_WHAT TO WORK ON:_ Exclude the pictures and repeat all of the data exactly.

_DATASET EXCERPT:_

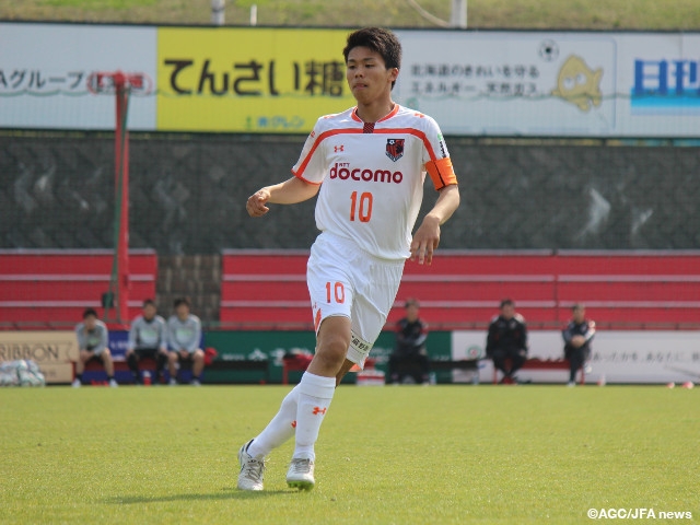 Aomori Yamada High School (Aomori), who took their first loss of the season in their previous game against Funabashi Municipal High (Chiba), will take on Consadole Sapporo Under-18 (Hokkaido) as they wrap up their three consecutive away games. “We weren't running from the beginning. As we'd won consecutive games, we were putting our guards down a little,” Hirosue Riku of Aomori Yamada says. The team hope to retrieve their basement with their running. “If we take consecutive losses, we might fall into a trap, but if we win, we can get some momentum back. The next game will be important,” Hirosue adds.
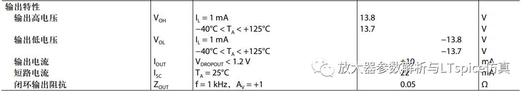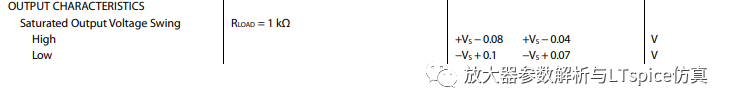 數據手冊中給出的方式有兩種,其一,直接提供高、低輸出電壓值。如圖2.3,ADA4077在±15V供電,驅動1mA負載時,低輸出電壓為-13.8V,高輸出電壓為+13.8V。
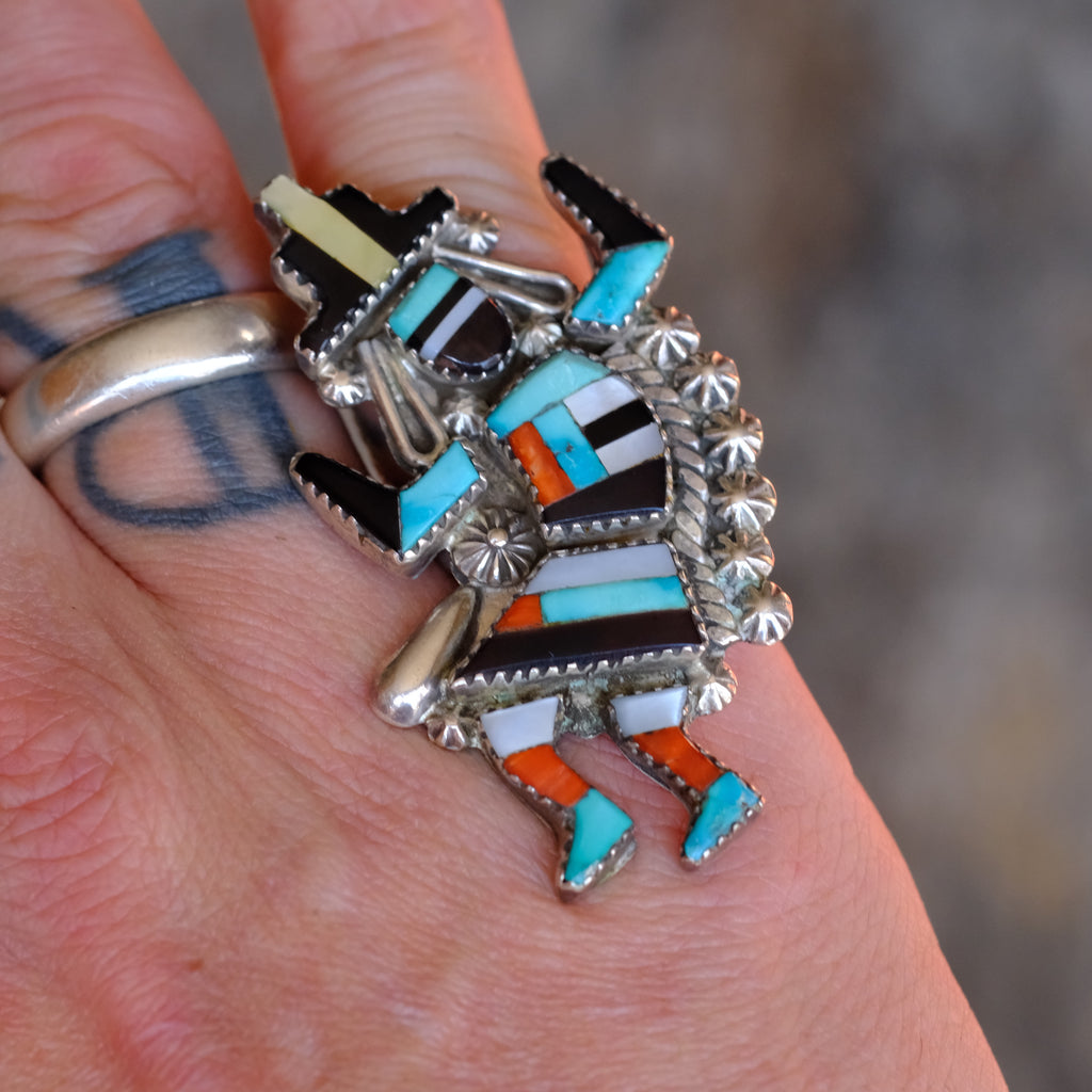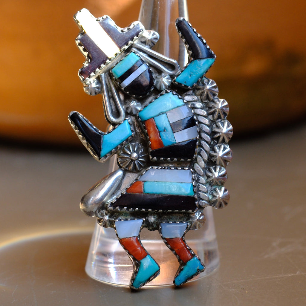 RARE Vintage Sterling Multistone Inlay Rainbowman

_COMPLETED TASK:_
 Aomori Yamada High School (Aomori), who took their first loss of the season in their previous game against Funabashi Municipal High (Chiba), will take on Consadole Sapporo Under-18 (Hokkaido) as they wrap up their three consecutive away games. “We weren't running from the beginning. As we'd won consecutive games, we were putting our guards down a little,” Hirosue Riku of Aomori Yamada says. The team hope to retrieve their basement with their running. “If we take consecutive losses, we might fall into a trap, but if we win, we can get some momentum back. The next game will be important,” Hirosue adds.
 數據手冊中給出的方式有兩種,其一,直接提供高、低輸出電壓值。如圖2.3,ADA4077在±15V供電,驅動1mA負載時,低輸出電壓為-13.8V,高輸出電壓為+13.8V。
 RARE Vintage Sterling Multistone Inlay Rainbowman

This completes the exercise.